= Your instructions =
Below are some records. Write out the lines from the one containing "An EBC organised community funday." to the last line, word for word, leaving out pictures.

= Records for processing =
============================================================

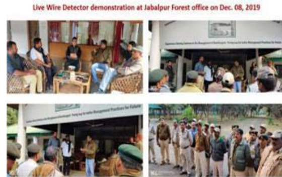
Figure 7: Prototype demonstration at Jabalpur's Bandhavgarh National Park.

the prototype model with the electrical fence system set up by the Bandhavgarh National Park in charge, as seen in Fig.7.
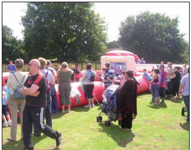
An EBC organised community funday.
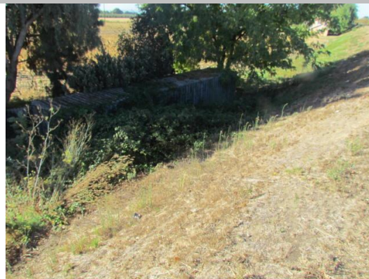
Looking southeast at berryvines at landward toe.
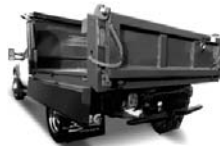
Marauder Dump Bodies Standard & Drop-Side
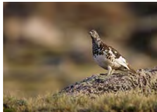
Warming of their alpine habitat has led to a decline of white-tailed ptarmigan in Rocky Mountain National Park.

This challenge can be met through improvements in building, vehicle, and industrial efficiency; increased investment in renewable energy and low carbon fuel; and deployment of technologies to capture and store carbon emissions. Enacting mandatory federal greenhouse gas limits will stimulate investment in cleaner energy technologies. Additionally, policies that reform perverse regulatory incentives and help overcome the significant barriers to investment in energy and transportation
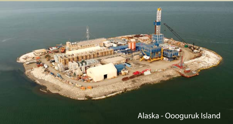
Alaska - Oooguruk Island
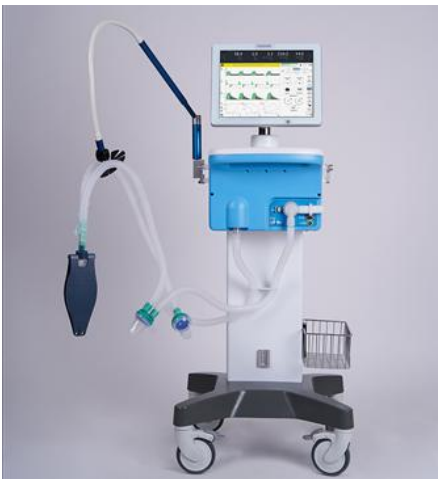
Fig 1. A Sample Ventilatör Machine

If we simply define ventilation, we can say that it is the movement of oxygen into and out of the lung. The main purpose of ventilation is to take the rich oxygen in the air into the lungs and to expel it in the air containing carbon dioxide in the lung. An example ventilator is shown in the figure 1.
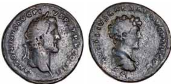
2298 Sestertius, 140-144, laureate head right, rev. bare-headed, draped and cuirassed bust of young Marcus right, 25.79g (RIC 1212; C. 34). Scarce, good fine £100-150
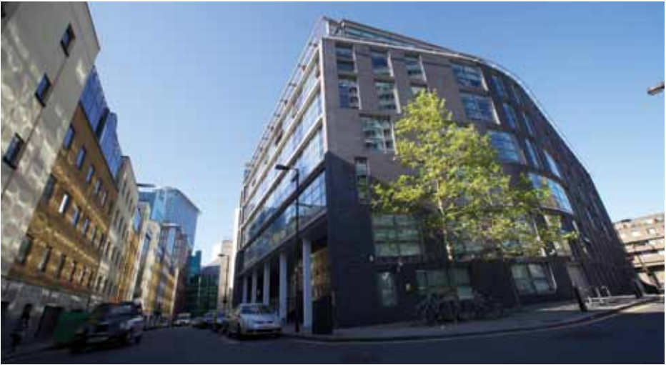
Cass Business School at Bunhill Row
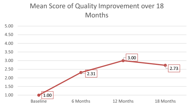
Fig. 3 Mean score of Quality Improvement over 18 months

============================================================

= Your response =
An EBC organised community funday.
Looking southeast at berryvines at landward toe.
Marauder Dump Bodies Standard & Drop-Side
Warming of their alpine habitat has led to a decline of white-tailed ptarmigan in Rocky Mountain National Park.

This challenge can be met through improvements in building, vehicle, and industrial efficiency; increased investment in renewable energy and low carbon fuel; and deployment of technologies to capture and store carbon emissions. Enacting mandatory federal greenhouse gas limits will stimulate investment in cleaner energy technologies. Additionally, policies that reform perverse regulatory incentives and help overcome the significant barriers to investment in energy and transportation
Alaska - Oooguruk Island
Fig 1. A Sample Ventilatör Machine

If we simply define ventilation, we can say that it is the movement of oxygen into and out of the lung. The main purpose of ventilation is to take the rich oxygen in the air into the lungs and to expel it in the air containing carbon dioxide in the lung. An example ventilator is shown in the figure 1.
2298 Sestertius, 140-144, laureate head right, rev. bare-headed, draped and cuirassed bust of young Marcus right, 25.79g (RIC 1212; C. 34). Scarce, good fine £100-150
Cass Business School at Bunhill Row
Fig. 3 Mean score of Quality Improvement over 18 months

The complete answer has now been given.